Paymasters: Allow users to pay gas fees in any token, or even have a third-party-designed mechanism pay for transactions.
Social Recovery: In the event a private key is lost or compromised, users can authorize a new key as a legitimate wallet owner. This can include a variety of recovery methods through trusted contacts, hardware wallets, or third-party services. The idea is to make recovering access to your account as easy as recovering your bank account password through an email.
Multifactor Authentication: Similar to the commonplace Web2 2FA practices, users can set up two (or more) authentication methods for their crypto wallets, where a transaction is only signed once a user confirms the approval via a second option like email or SMS. Users can also set up daily transfer limits or lists of account addresses of which the wallet is automatically blocked from interacting.
Quantum Resistant and Gas-Efficient Signatures: Ethereum’s current signature scheme, ECDSA, is computationally extensive (read: higher gas fees) and can be broken by quantum computers. Through signature abstraction, different account contracts use more efficient and quantum-secure signature schemes.
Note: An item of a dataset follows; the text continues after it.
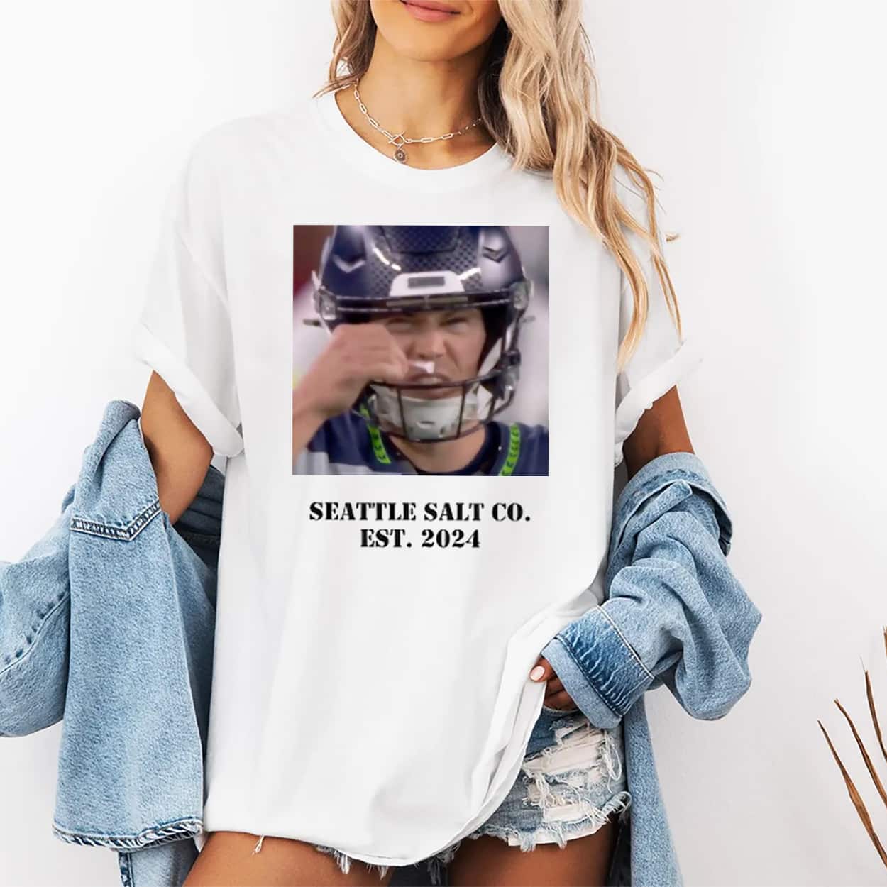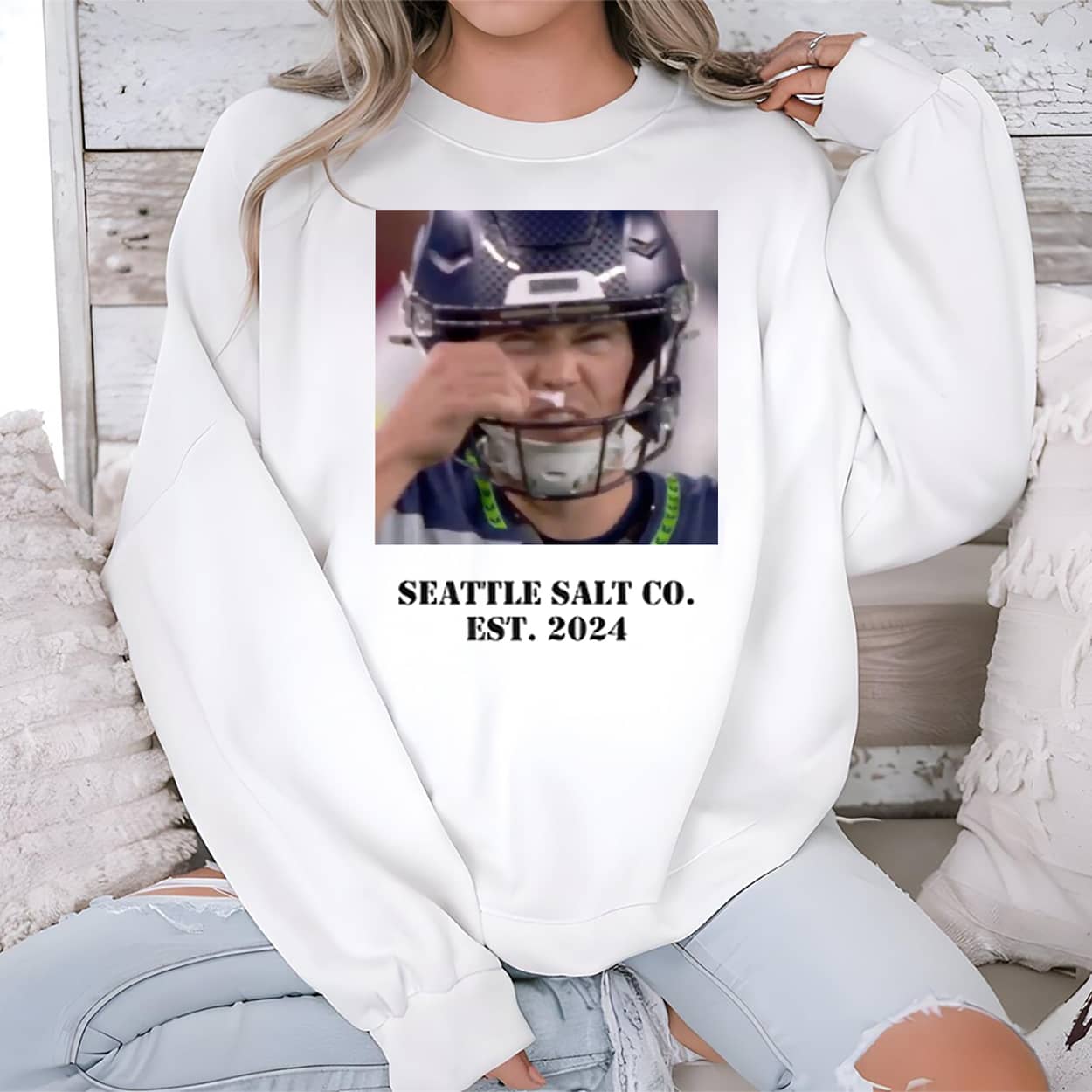 Wake up and smell the victory with the Jason Myers Seattle Salt Co EST 2024 Parade Shirt. As seen during the Seahawks championship parade, this white tee features the iconic photo of the kicker’s intense reaction to smelling salts. Branded with “Seattle Salt Co. Est. 2024,” it’s the ultimate inside joke for 12s who love the “lock-in” meme. Funny, iconic, and legendary. Order your piece of parade history today!

StarkNet uses its own proprietary STARK-friendly curve.
Not only do these features provide users with greater security and more flexibility, but more importantly, result in a much better user experience.
Listed by Vitalik Buterin as a “long-time dream” for the Ethereum developer community, innovations around account abstraction, mainly EIP-2938 and EIP-3074, have swirled since 2020. However, both required tradeoffs around security and implementation. EIP-4337, the most promising development thus far, proposes a version of account abstraction without requiring changes to the Ethereum protocol.
Account Abstraction and StarkNet
Unlike Bitcoin and Ethereum which are retrofitting their current protocols to support account abstraction, StarkNet has implemented account abstraction since day one. When coupled with the scalability and capabilities of our STARK proofs, the potential for wallet innovation is limitless. This is why the next generation of self-custodial wallets, like Argent and Braavos, are currently being built on top of our network.
StarkNet’s approach is similar to EIP-4337, acknowledging that complete account abstraction would still result in confusing UX and could open the door to attacks on sequencers. Rather, it aims to achieve both signature abstraction and payment abstraction by mutualizing some of the required on and off-chain infrastructure.
And while there’s still much more work to do, account abstraction is gaining traction beyond a small circle of crypto natives. In December, Visa proposed the idea of using account abstraction to set up automatic recurring payments on StarkNet. Using a delegatable account, users can grant permission to initiate a payment to a pre-approved smart contract. From there, the smart contract will be programmed to deduct a set payment amount on a specific day, over a set duration of time. While Visa hasn’t yet revealed its plans for its own services, the interest alone speaks volumes, and may foreshadow a world where big-tech subscription platforms like Netflix and Spotify could embrace crypto-adoption.
As for what the future holds, only time will tell. But one thing is certain. By making wallets easier and safe to use, account abstraction will serve as a powerful catalyst for self-custodial blockchain wallets to scale to millions of mainstream crypto-users. We’ll keep on building in the meantime.